WORK REQUEST:
Only the lines below between the one holding "Rukminah membimbing wajib" and the one holding "Anfibio EXÉ a", inclusive, are to be reproduced word for word; the pictures are to be left out.

MATERIAL SUPPLIED:
------------------------------------

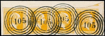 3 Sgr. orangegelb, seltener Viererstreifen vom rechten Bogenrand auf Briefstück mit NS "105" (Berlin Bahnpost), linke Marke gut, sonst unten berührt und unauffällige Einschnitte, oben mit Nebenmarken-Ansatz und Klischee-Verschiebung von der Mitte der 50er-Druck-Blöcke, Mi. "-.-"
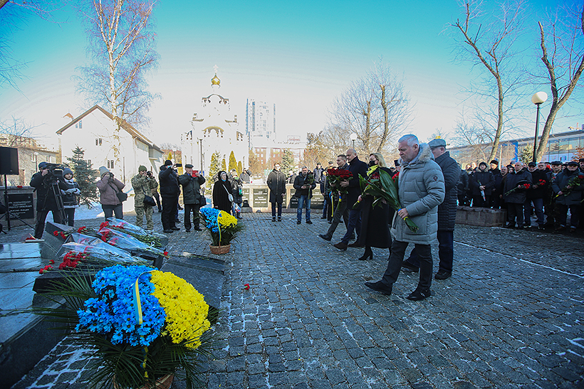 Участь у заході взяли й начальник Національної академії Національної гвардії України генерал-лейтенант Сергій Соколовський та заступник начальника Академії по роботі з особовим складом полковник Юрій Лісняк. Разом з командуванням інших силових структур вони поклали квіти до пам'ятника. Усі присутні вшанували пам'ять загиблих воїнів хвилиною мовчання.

------------------------------------

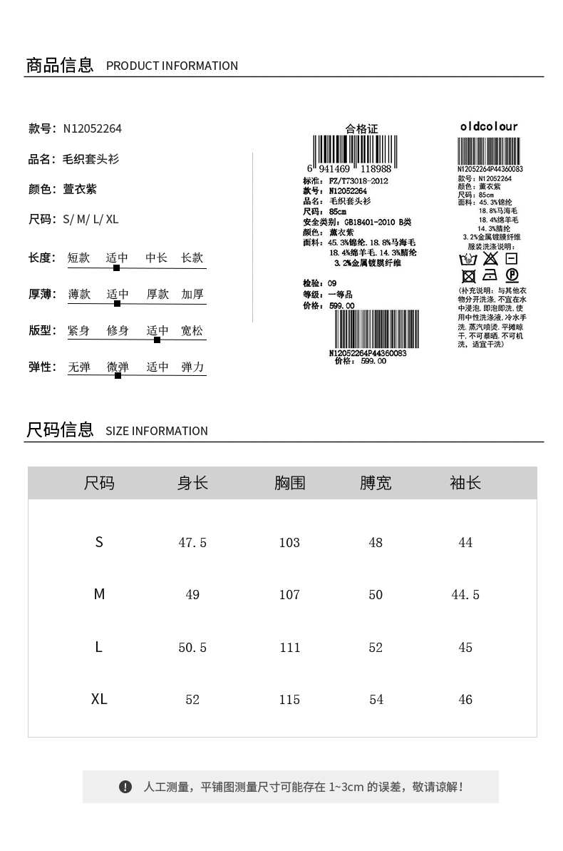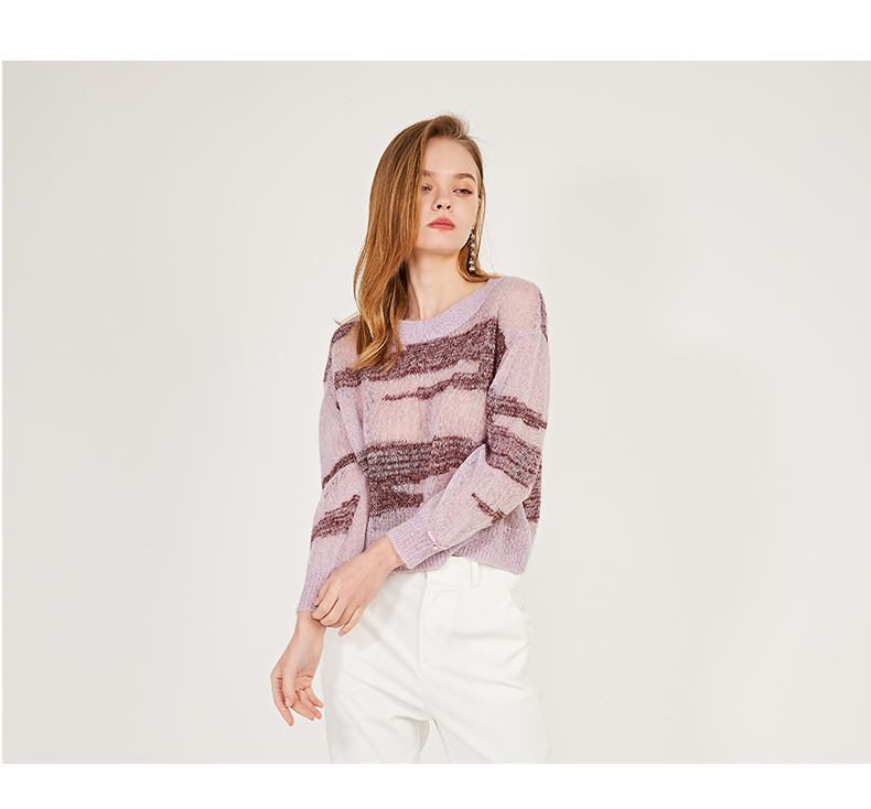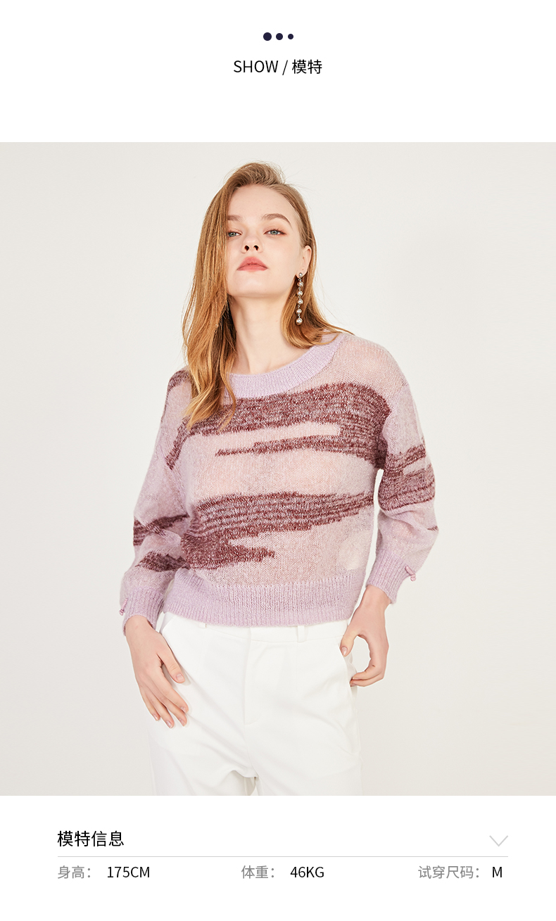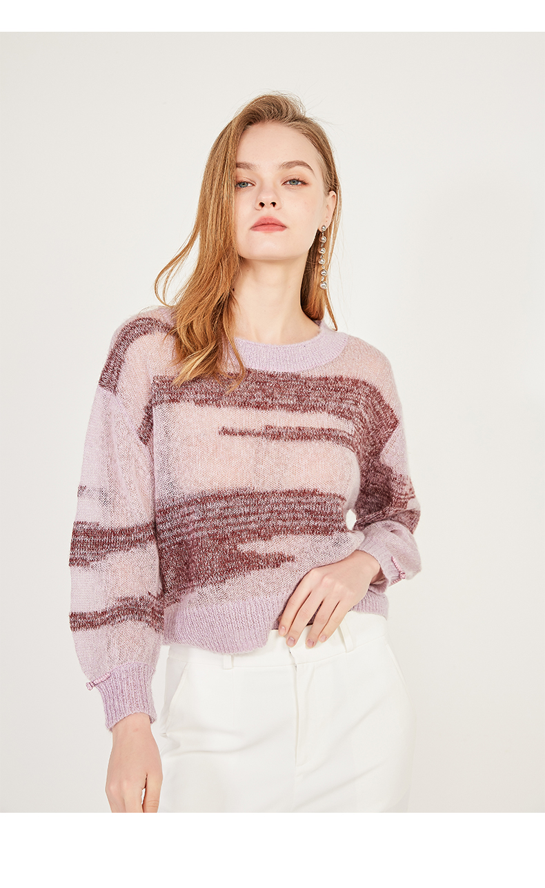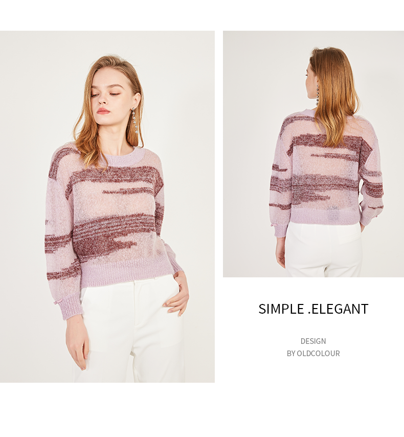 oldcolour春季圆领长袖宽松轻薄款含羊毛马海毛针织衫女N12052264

------------------------------------

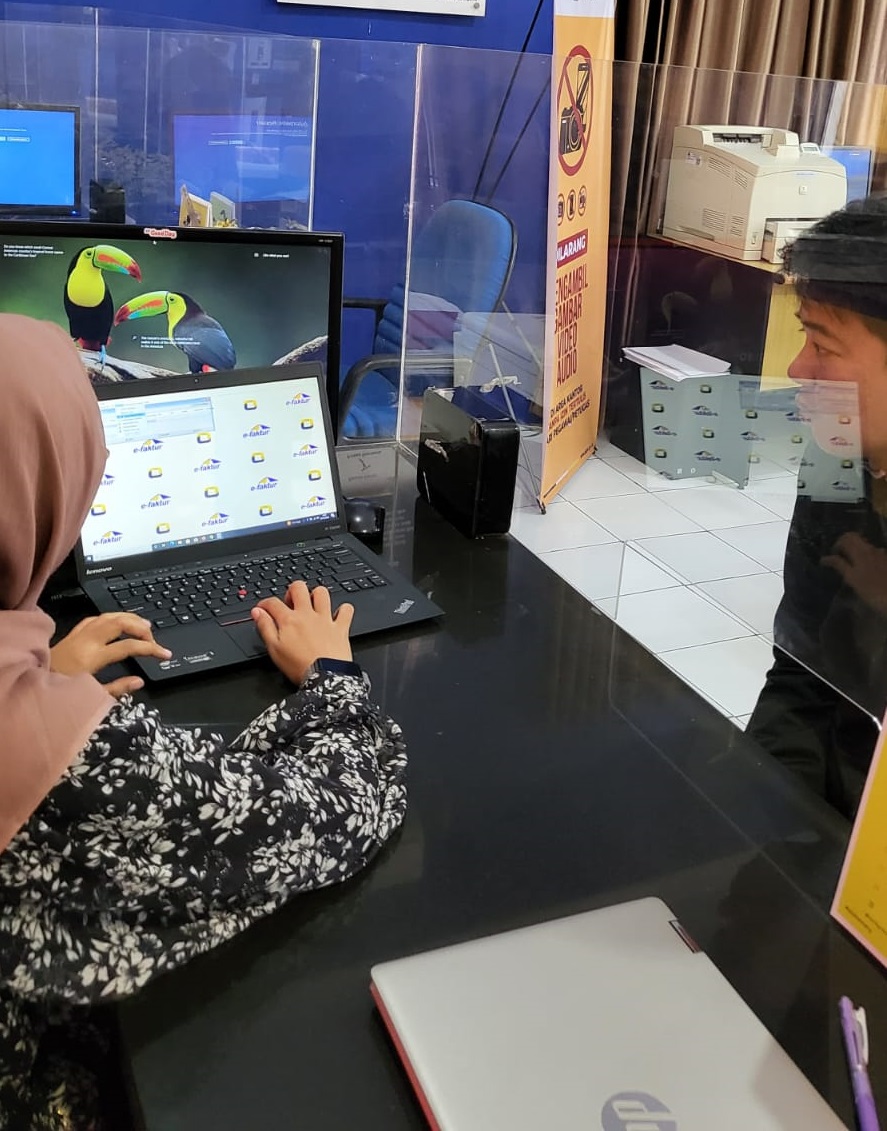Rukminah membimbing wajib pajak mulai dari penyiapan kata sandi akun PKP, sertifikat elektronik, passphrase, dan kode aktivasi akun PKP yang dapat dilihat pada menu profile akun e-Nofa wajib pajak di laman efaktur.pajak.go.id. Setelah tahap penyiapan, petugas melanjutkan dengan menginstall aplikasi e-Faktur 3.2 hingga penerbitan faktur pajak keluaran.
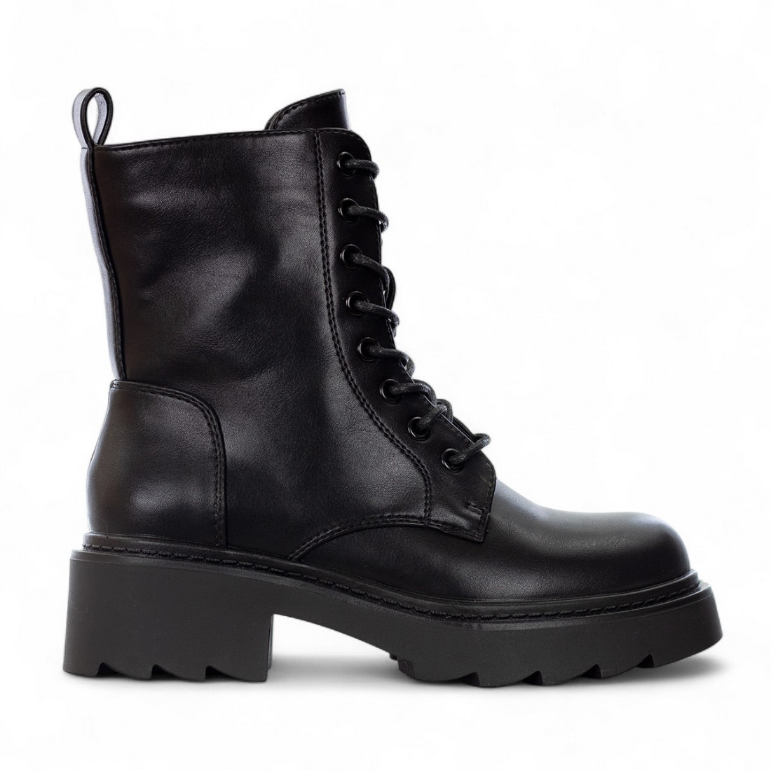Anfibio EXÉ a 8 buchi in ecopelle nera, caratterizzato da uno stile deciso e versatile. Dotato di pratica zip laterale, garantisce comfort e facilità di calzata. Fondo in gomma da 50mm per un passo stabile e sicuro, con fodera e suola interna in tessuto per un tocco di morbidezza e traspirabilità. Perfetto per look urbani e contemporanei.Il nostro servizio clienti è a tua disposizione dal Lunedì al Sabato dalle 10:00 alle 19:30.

------------------------------------

RESPONSE TO THIS EXERCISE:
Rukminah membimbing wajib pajak mulai dari penyiapan kata sandi akun PKP, sertifikat elektronik, passphrase, dan kode aktivasi akun PKP yang dapat dilihat pada menu profile akun e-Nofa wajib pajak di laman efaktur.pajak.go.id. Setelah tahap penyiapan, petugas melanjutkan dengan menginstall aplikasi e-Faktur 3.2 hingga penerbitan faktur pajak keluaran.
Anfibio EXÉ a 8 buchi in ecopelle nera, caratterizzato da uno stile deciso e versatile. Dotato di pratica zip laterale, garantisce comfort e facilità di calzata. Fondo in gomma da 50mm per un passo stabile e sicuro, con fodera e suola interna in tessuto per un tocco di morbidezza e traspirabilità. Perfetto per look urbani e contemporanei.Il nostro servizio clienti è a tua disposizione dal Lunedì al Sabato dalle 10:00 alle 19:30.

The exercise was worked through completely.